▼▼▼

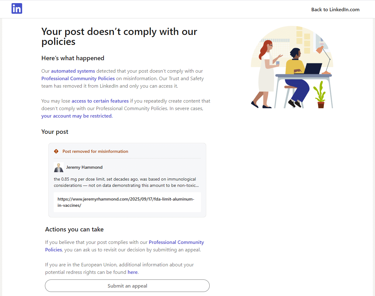Thus, journalists are forbidden by LinkedIn from reporting factually accurate information to correct government-approved disinformation about vaccines.
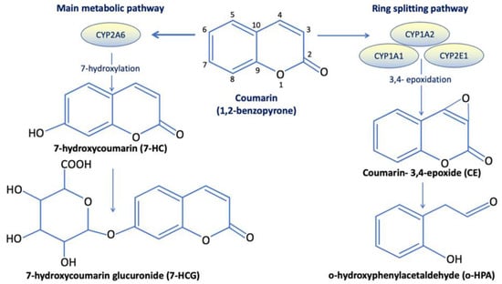 As previously discussed, several isoforms of the cytochrome p450 enzymes (CYPs) are involved in coumarin metabolism. In humans, coumarin is predominantly eliminated via 7-hydroxylation by p450 CYP2A6. Conversely, the coumarin-induced liver toxicity is related to the coumarin metabolite o-HPA deriving from CE via the alternative heterocyclic ring-splitting pathway. This seems to be the predominant pathway in patients that develop hepatotoxicity.
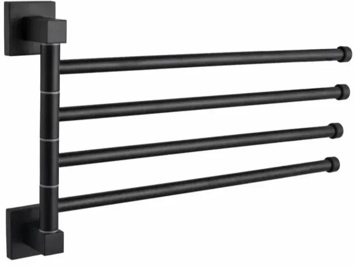 Держатели для полотенец предназначены для размещения полотенец именно там, где нужно. В современных ванных комнатах полотенцедержатель выполняет роль не только функционального, но и декоративного элемента. Стильный, правильно подобранный по дизайну полотенцедержатель способен сделать интерьер ванной комнаты завершенным и гармоничным. Универсальный дизайн держателя для полотенец фирмы D-Lin позволяет дополнить практически любой интерьер. Надежность конструкции, профессиональное крепление и прочность покрытия позволяют использовать изделие не только в домашних условиях, но и в общественных местах, включая отели. Крепежные элементы скрыты под декоративными заглушками, что позволяет аксессуару выглядеть более эстетично. Модель имеет подвижные держатели, которые можно повернуть в нужную сторону. Технические характеристики Длина - 38 см Способ монтажа - На два отверстия, Настенные Цвет - Черный Материал - Латунь Стиль - Современный Назначение - Для полотенец Форма держателя - Прямая Количество держателей - 4 шт Подвижные держатели.
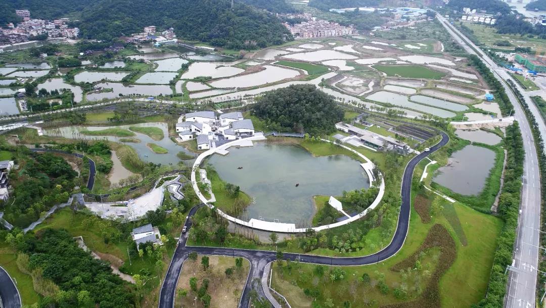 (3)新設計的濕地浮島,也完全尊重歷史水系肌理,選址原有魚塘的位置而設計。流經場地的原有河涌和截洪溝被保留美化,保證外圍村莊的泄洪需要的同時,并維持原生態特色。
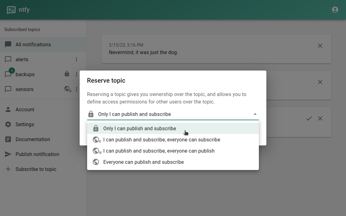 The web app lets you subscribe and publish messages to ntfy topics. For ntfy.sh, the web app is available at ntfy.sh/app. To subscribe, simply type in the topic name and click the Subscribe button. After subscribing, messages published to the topic will appear in the web app, and pop up as a notification.
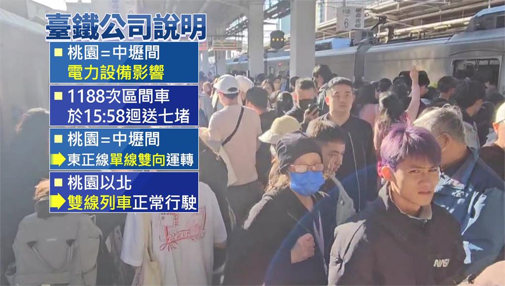 月台、車廂內的乘客幾乎動彈不得。圖/台視新聞今日下午1點多,台鐵中壢至桃園間電力設備突然故障,只能改採「單線雙向行車」,導致列車大幅延誤。正逢假日期間,許多旅客搭火車出遊或返鄉,西正線列車因停電,全數停靠在桃園站,行程被迫打亂。旅客氣憤直呼,「太衰了吧!想回個家怎麼這麼難!」
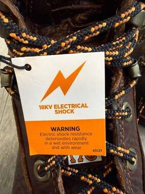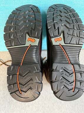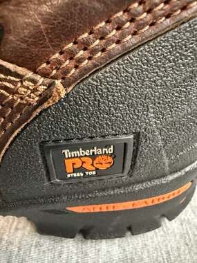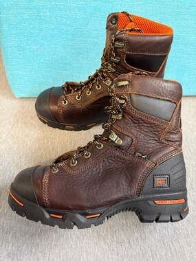 Timberland PRO Men's Steel Toe Work Boots, Leather Outer, Size 8W — Premium safety footwear for tough environments. These boots feature a heavy-duty puncture-resistant sole and steel toe protection for maximum safety. Equipped with Timberland's Anti-Fatigue technology for all-day comfort and an oil-resistant, slip-resistant, non-marking outsole for superior traction. Brand new condition with original safety tags attached. Includes 18KV electrical shock resistance certification (ASTM/CSA). High-top lace-up design with durable tumbled brown leather and breathable mesh lining.
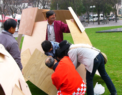 建築家協会は、市民の方々と共同で物つくりを楽しんでもらうために、ベニヤを使ったドームつくりを行いました。下記の内容が主なものです。
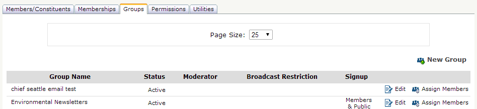 The Groups tab contains all the management functions for creating groups and eLists.
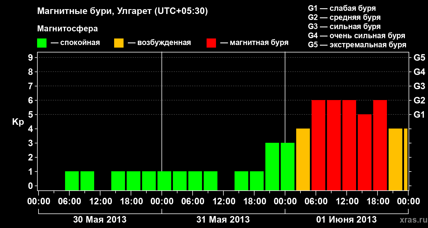 Магнитные бури в Улгарете — 1 июня 2013 года
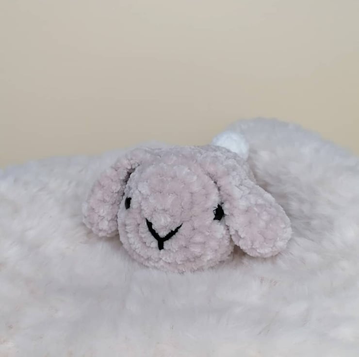 This adorable little bunny is looking for a new home. She's soft and cuddly, and she is made with supersoft polyester chenille yarn and stuffed with polyester stuffing. She has plastic safety eyes and a cotton embroidered nose (and the cutest floppy ears!).
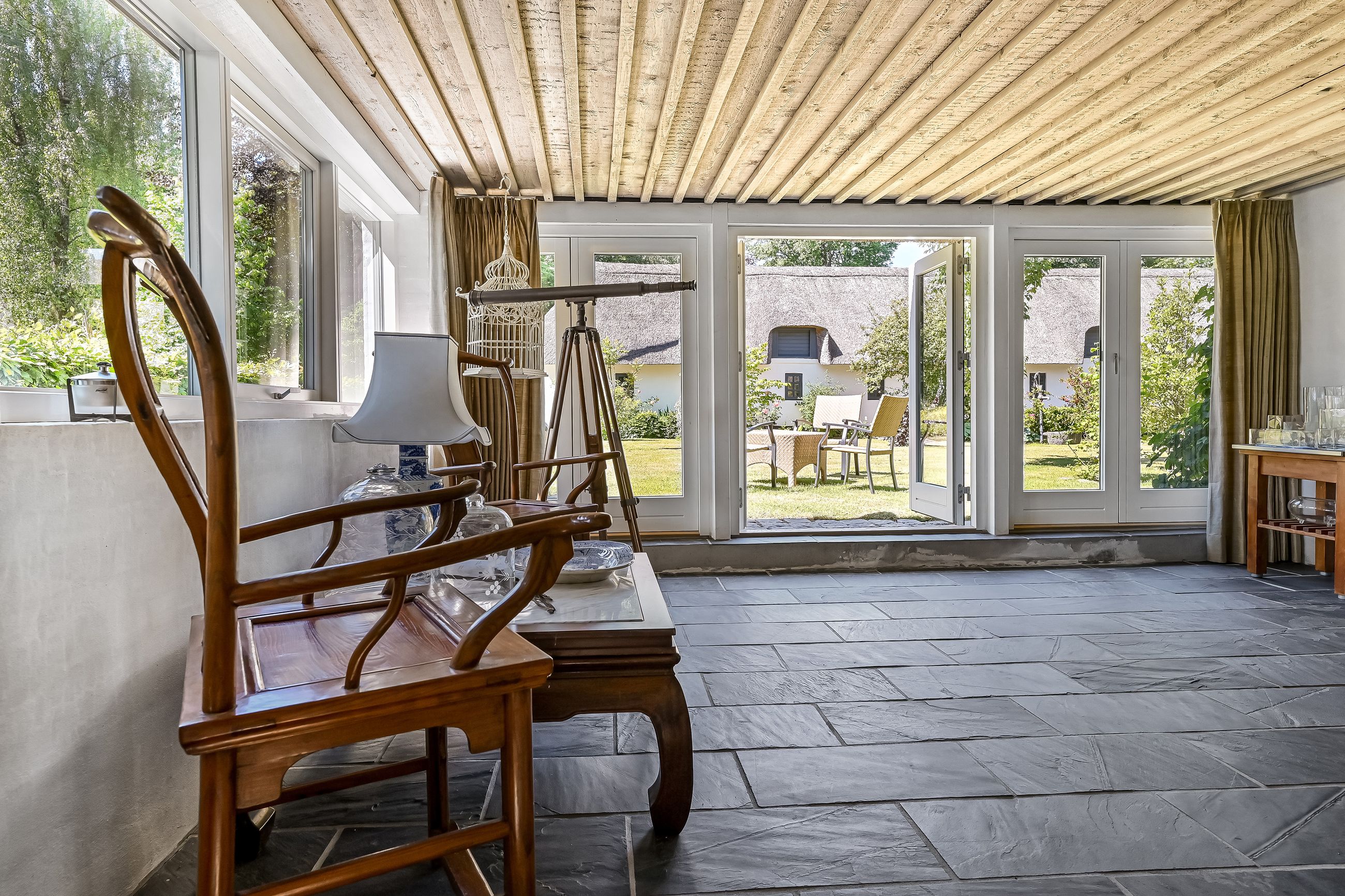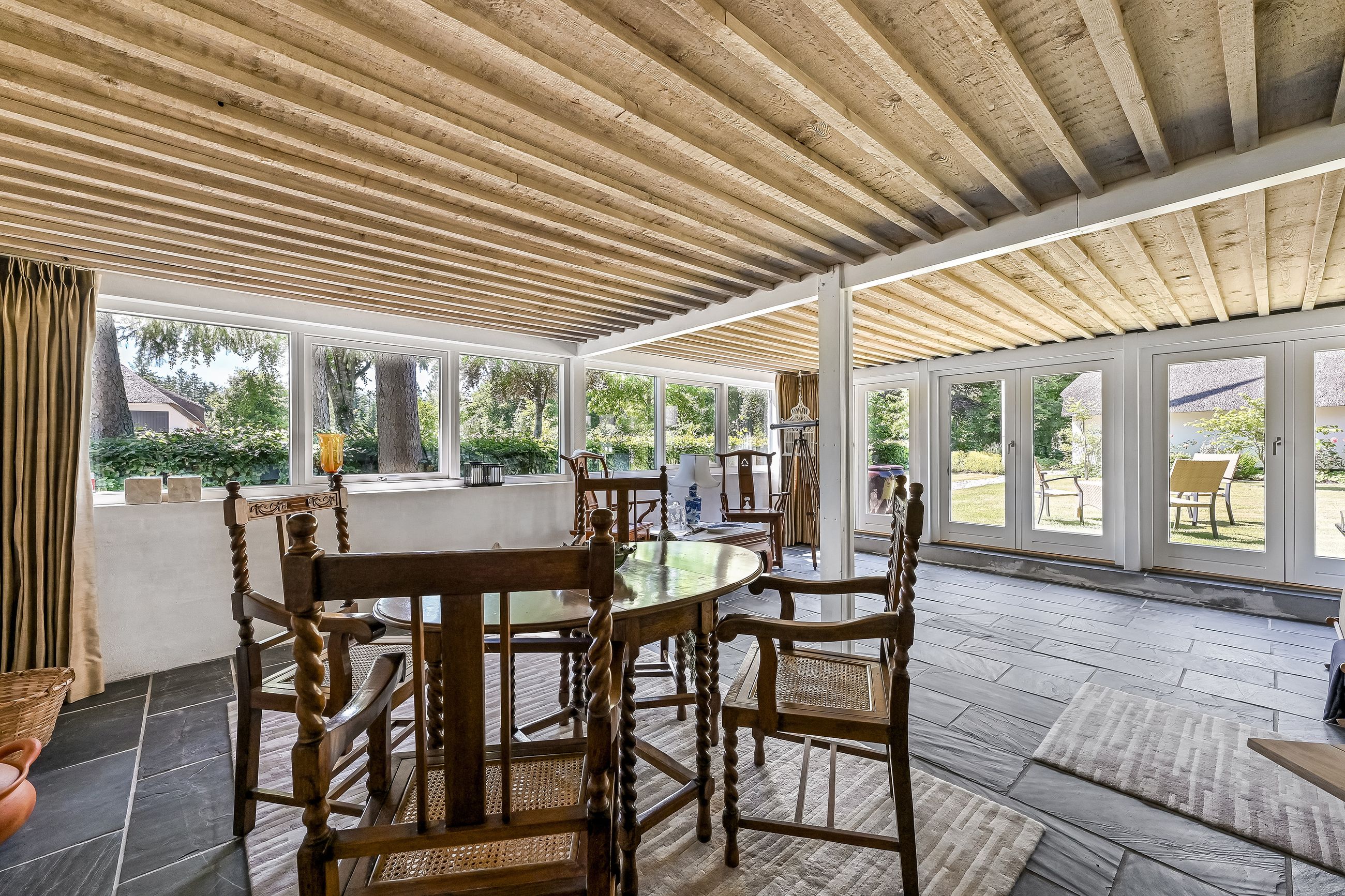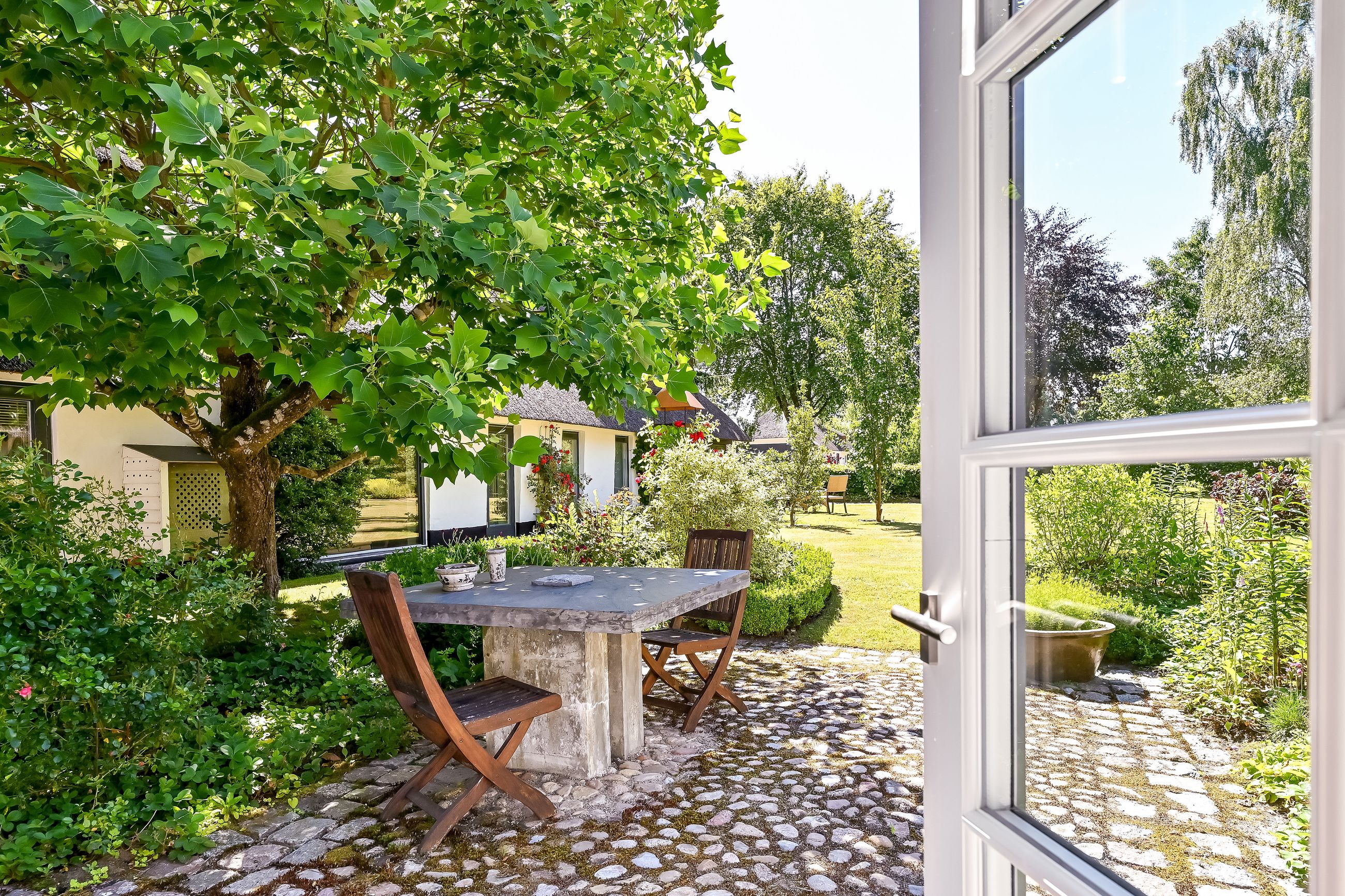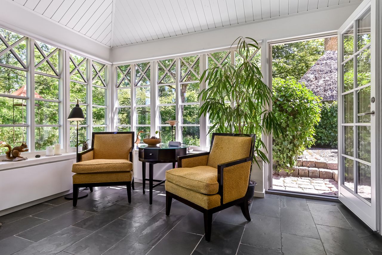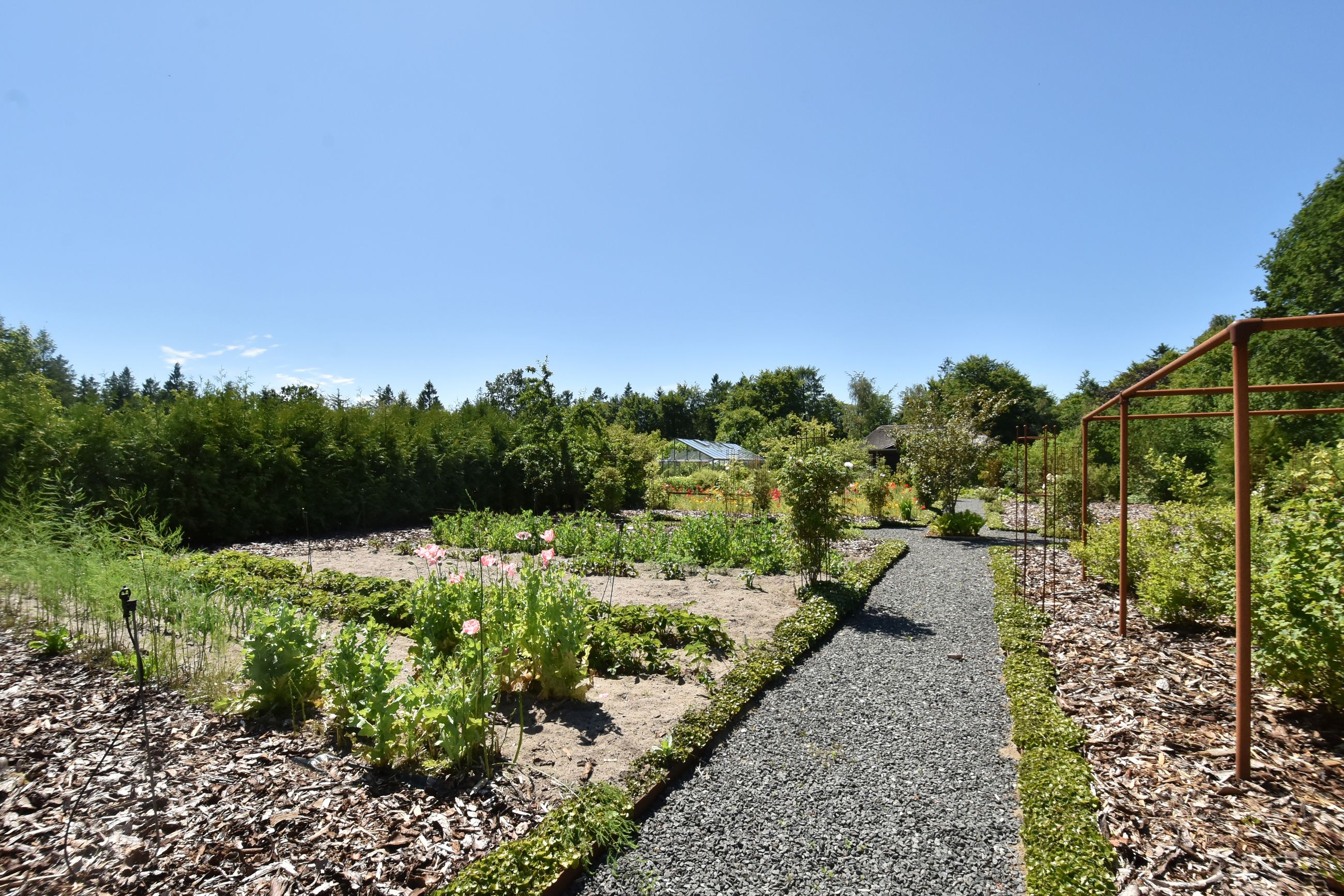De 2 længer med bolig er smukt forbundet gennem den flotte charmerende havestue, der giver en direkte forbindelse til den naturskønne parklignende have med mange spændende og sjældne træer og buske. I samme forbindelse er boligen moderniseret med et stilfuldt HTH køkken fra 2014.

▲▲▲

Write out every line above exactly as it is, leaving out the pictures.

Thus, journalists are forbidden by LinkedIn from reporting factually accurate information to correct government-approved disinformation about vaccines.
 As previously discussed, several isoforms of the cytochrome p450 enzymes (CYPs) are involved in coumarin metabolism. In humans, coumarin is predominantly eliminated via 7-hydroxylation by p450 CYP2A6. Conversely, the coumarin-induced liver toxicity is related to the coumarin metabolite o-HPA deriving from CE via the alternative heterocyclic ring-splitting pathway. This seems to be the predominant pathway in patients that develop hepatotoxicity.
 Держатели для полотенец предназначены для размещения полотенец именно там, где нужно. В современных ванных комнатах полотенцедержатель выполняет роль не только функционального, но и декоративного элемента. Стильный, правильно подобранный по дизайну полотенцедержатель способен сделать интерьер ванной комнаты завершенным и гармоничным. Универсальный дизайн держателя для полотенец фирмы D-Lin позволяет дополнить практически любой интерьер. Надежность конструкции, профессиональное крепление и прочность покрытия позволяют использовать изделие не только в домашних условиях, но и в общественных местах, включая отели. Крепежные элементы скрыты под декоративными заглушками, что позволяет аксессуару выглядеть более эстетично. Модель имеет подвижные держатели, которые можно повернуть в нужную сторону. Технические характеристики Длина - 38 см Способ монтажа - На два отверстия, Настенные Цвет - Черный Материал - Латунь Стиль - Современный Назначение - Для полотенец Форма держателя - Прямая Количество держателей - 4 шт Подвижные держатели.
 (3)新設計的濕地浮島,也完全尊重歷史水系肌理,選址原有魚塘的位置而設計。流經場地的原有河涌和截洪溝被保留美化,保證外圍村莊的泄洪需要的同時,并維持原生態特色。
 The web app lets you subscribe and publish messages to ntfy topics. For ntfy.sh, the web app is available at ntfy.sh/app. To subscribe, simply type in the topic name and click the Subscribe button. After subscribing, messages published to the topic will appear in the web app, and pop up as a notification.
 月台、車廂內的乘客幾乎動彈不得。圖/台視新聞今日下午1點多,台鐵中壢至桃園間電力設備突然故障,只能改採「單線雙向行車」,導致列車大幅延誤。正逢假日期間,許多旅客搭火車出遊或返鄉,西正線列車因停電,全數停靠在桃園站,行程被迫打亂。旅客氣憤直呼,「太衰了吧!想回個家怎麼這麼難!」
 Timberland PRO Men's Steel Toe Work Boots, Leather Outer, Size 8W — Premium safety footwear for tough environments. These boots feature a heavy-duty puncture-resistant sole and steel toe protection for maximum safety. Equipped with Timberland's Anti-Fatigue technology for all-day comfort and an oil-resistant, slip-resistant, non-marking outsole for superior traction. Brand new condition with original safety tags attached. Includes 18KV electrical shock resistance certification (ASTM/CSA). High-top lace-up design with durable tumbled brown leather and breathable mesh lining.
 建築家協会は、市民の方々と共同で物つくりを楽しんでもらうために、ベニヤを使ったドームつくりを行いました。下記の内容が主なものです。
 The Groups tab contains all the management functions for creating groups and eLists.
 Магнитные бури в Улгарете — 1 июня 2013 года
 This adorable little bunny is looking for a new home. She's soft and cuddly, and she is made with supersoft polyester chenille yarn and stuffed with polyester stuffing. She has plastic safety eyes and a cotton embroidered nose (and the cutest floppy ears!).
De 2 længer med bolig er smukt forbundet gennem den flotte charmerende havestue, der giver en direkte forbindelse til den naturskønne parklignende have med mange spændende og sjældne træer og buske. I samme forbindelse er boligen moderniseret med et stilfuldt HTH køkken fra 2014.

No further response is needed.